左寒程梨提示您:看后求收藏(詩鼎小說網網www.autocad360.cn),接著再看更方便。
左寒接下來的話,也不會溫和到哪里去,一樣是扎心的利刃毫不留情。
左寒道:“她要怎么性子硬氣得起來呢?她從小到大,都在飽受向寶珍的虐待啊。她還是個小孩子的時候,沒有任何人撐腰的時候,世界都不站在她那一邊的時候,她要怎么硬氣得起來呢?你告訴我。”
“她只有性子軟一點,不跟人硬碰硬,不去觸人的霉頭,才能保全自己。那是一個沒有人撐腰的人,自己悟出來的生存之道?!?
“所以,你是真的不知道程梨從小到大遭受了怎樣的對待嗎?”
左寒安靜看著黎曉惠的眼睛,清楚看到了她目光里的躲閃之意,也看到黎曉惠臉上的蒼白都帶著羞愧之色。
“看來你是知道的?!?
“那么,同樣對程光遠說過的話,我再同您也說一遍?!弊蠛⒅钑曰莸难劬?,眼神已經變得尖銳而凌厲,“你保護過程梨嗎?這么多年。”
黎曉惠抿唇不語。
左寒繼續道,“你沒有。無論是在你的上一段還是這一段婚姻里,程梨都是最先被拋棄的那個,你沒有保護過她?!?
“但是她還是想要保護你,她那么軟的性子,會生氣會動怒,都是因為想要保護你。你都不覺得臉紅嗎?”

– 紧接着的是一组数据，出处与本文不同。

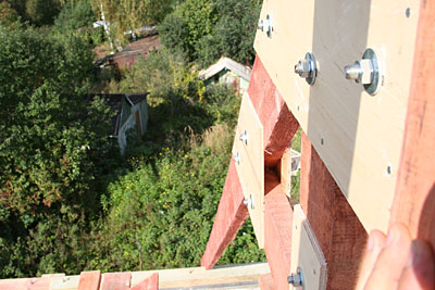 Немного не понял вот это место, но думаю соединение из 100 уголка там было бы более к месту. Раскажите как там собрано. Просто в торец бруса?,
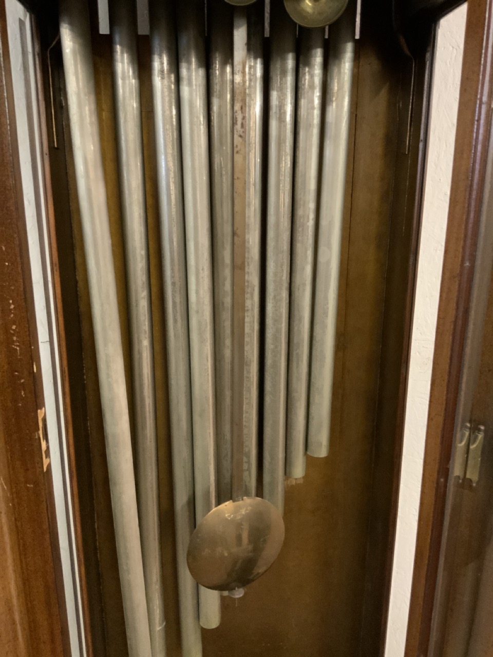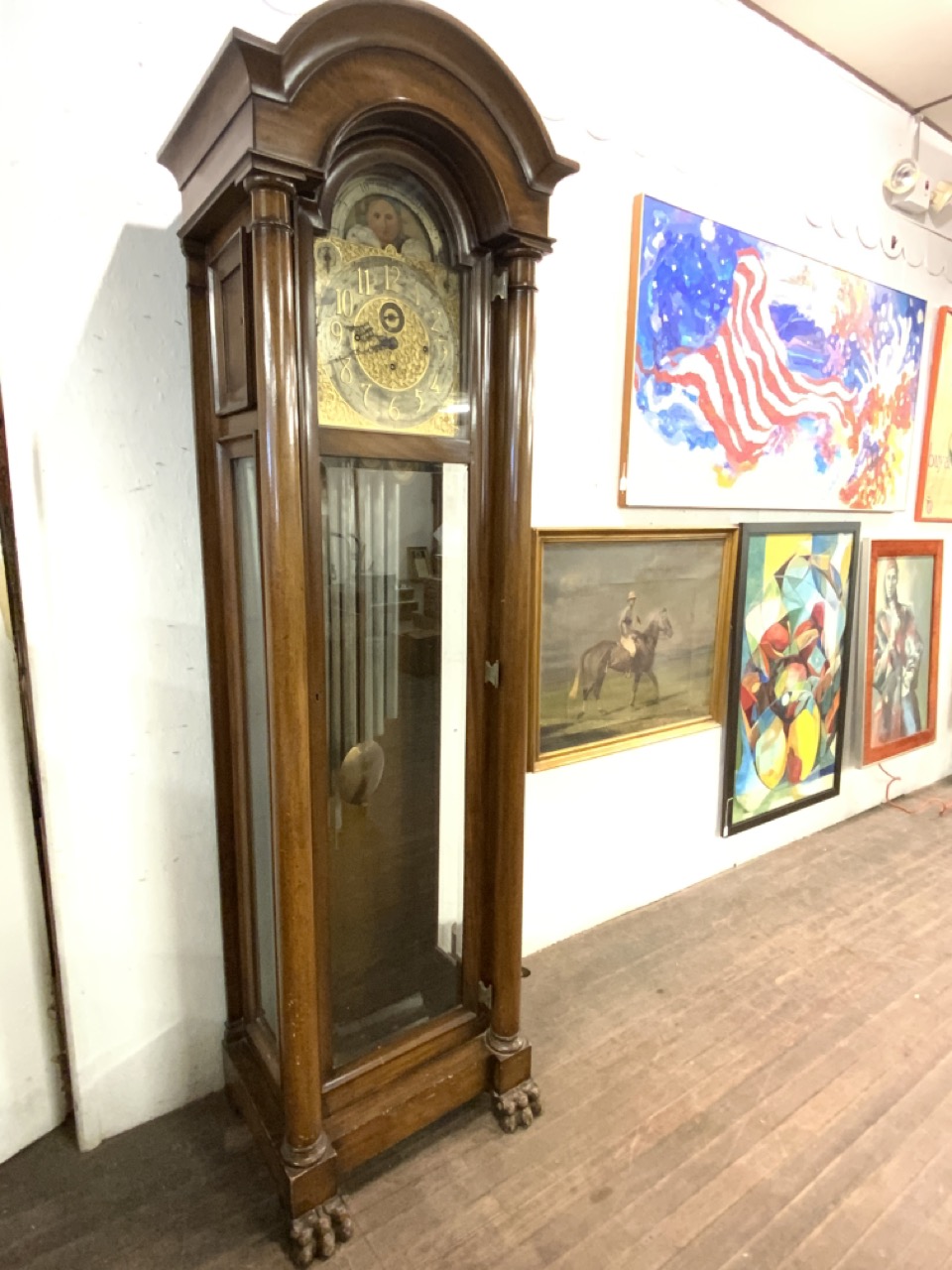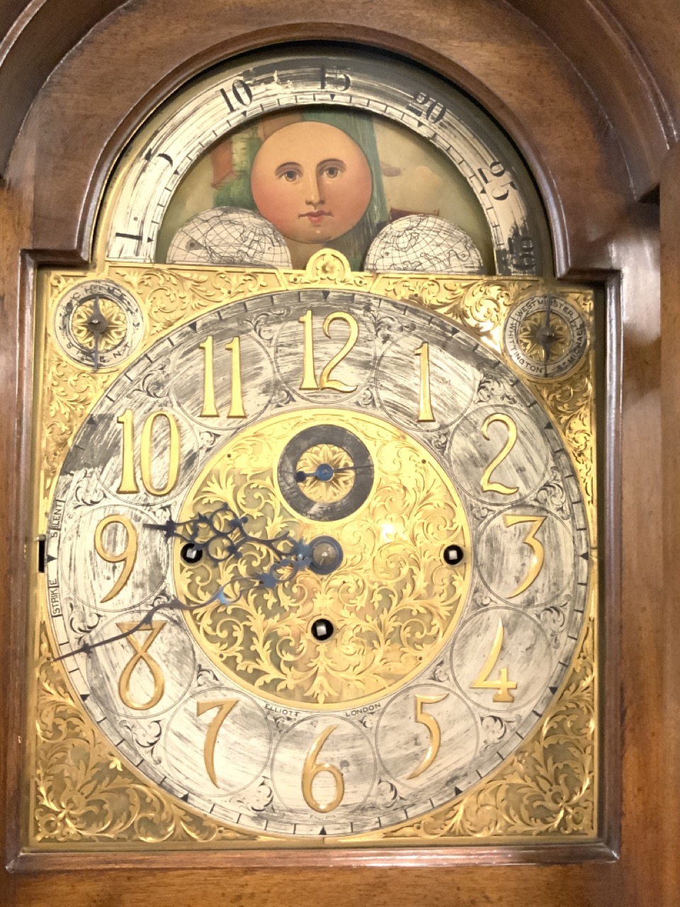 English grandfather clock with nine chimes by ELLIOTT London. All workings present. Weights and key present. Door key missing. The clock bottom needs repair as weights fell into it.

左寒頓了頓,此刻,不止是眼神,就連聲音都變成了和眼神一樣的尖銳而凌厲。
“我從來就不是什么好人,沒有什么同情心和同理心。站在程梨丈夫的角度,我只會覺得你現在這樣的日子,遭受這樣的遭遇,難說就不是報應?!?
“也正如我所說,我沒有什么同情心同理心。所以你那個小女兒,你愛怎么道德綁架,不管我的事,我不想管也懶得管。但看得出來程梨還是很在乎你,所以,我希望你少去道德綁架程梨。”
“否則,我不會坐視不理?!?
左寒說完站起身來,從口袋里掏出了個首飾盒子來,隨手放在了黎曉惠的枕邊,“初次見面,幸會,這是禮物?!?
語畢,左寒安靜走到病房陽臺去,沒打算再有什么交流。
而他并不知道的是,就在病房門外。
程梨捂著嘴,肩膀顫抖著泣不成聲,雙眸早已經哭得通紅。
她背靠著門邊的墻壁,身體緩緩滑下來坐在了地上。
先前里頭的對話,她幾乎都聽了個明白,每個字,每一句……
她從來都不知道,原來在自己不知道的時候,在自己看不到的地方,左寒在保護著她。
并且,早就已經在保護著她了。甚至在她父親面前……
江橙原本去準備石膏和固定帶了,一過來就看到程梨這副模樣,都有點慌了,趕緊迎了上來。
“梨子!”江橙低喚一聲,程梨趕緊抹了抹臉上的眼淚,對江橙做了個噤聲的手勢,趕緊站起身來朝著一旁安全通道樓梯走去。
江橙還有些愣,但很快,左寒就從病房里出來了,低聲問道,“她人呢?”
第207章
我不會笑你,所以不用躲起來哭
“那、那邊?!苯茹躲吨噶酥赴踩ǖ罉翘莸姆较?。
其實,換做任何時候,江橙都是向著程梨的。
可是就剛才程梨那個狀態而言,江橙覺得不會是左寒造成的。
而左寒很是關切的樣子,讓她不由自主就給他指了路,就好像覺得……左寒跟過去,會比自己跟過去,更有效果。
江橙看了一眼自己拿來的工具,就進了病房去。
程梨迅速跑下了樓梯,原本以為可以暫時躲開。剛才江橙在病房門外那一聲喚,她擔心會被病房里的人聽到。
所以也只是想著暫時躲開,等到自己的狀態緩和一些,就再進去。
程梨站在樓下的樓道口,深呼吸著,抬手努力將臉上的淚痕擦去。
“呼……呼……”她一聲聲深呼吸著,自我催眠似的安慰著,“沒事,沒事沒事,沒事的……”
仿佛只要這樣多說幾遍,就真的可以沒事似的。
“沒事什么。”男人低沉磁性的聲音,倏然從身后傳來,很近很近。
幾乎就在耳邊了,近得程梨覺得只一瞬間,自己的心臟仿佛都要停止跳動了!
她眼睛驀地瞪大了幾分,在那一瞬間仿佛連心跳和呼吸都停滯了。
一雙手,從后頭,輕輕握住了她的肩膀。
明明不是多炙熱的溫度,甚至,程梨一直覺得,左寒是那種體溫不算太高的人,挨在一起會覺得溫暖,但不太會覺得炙熱。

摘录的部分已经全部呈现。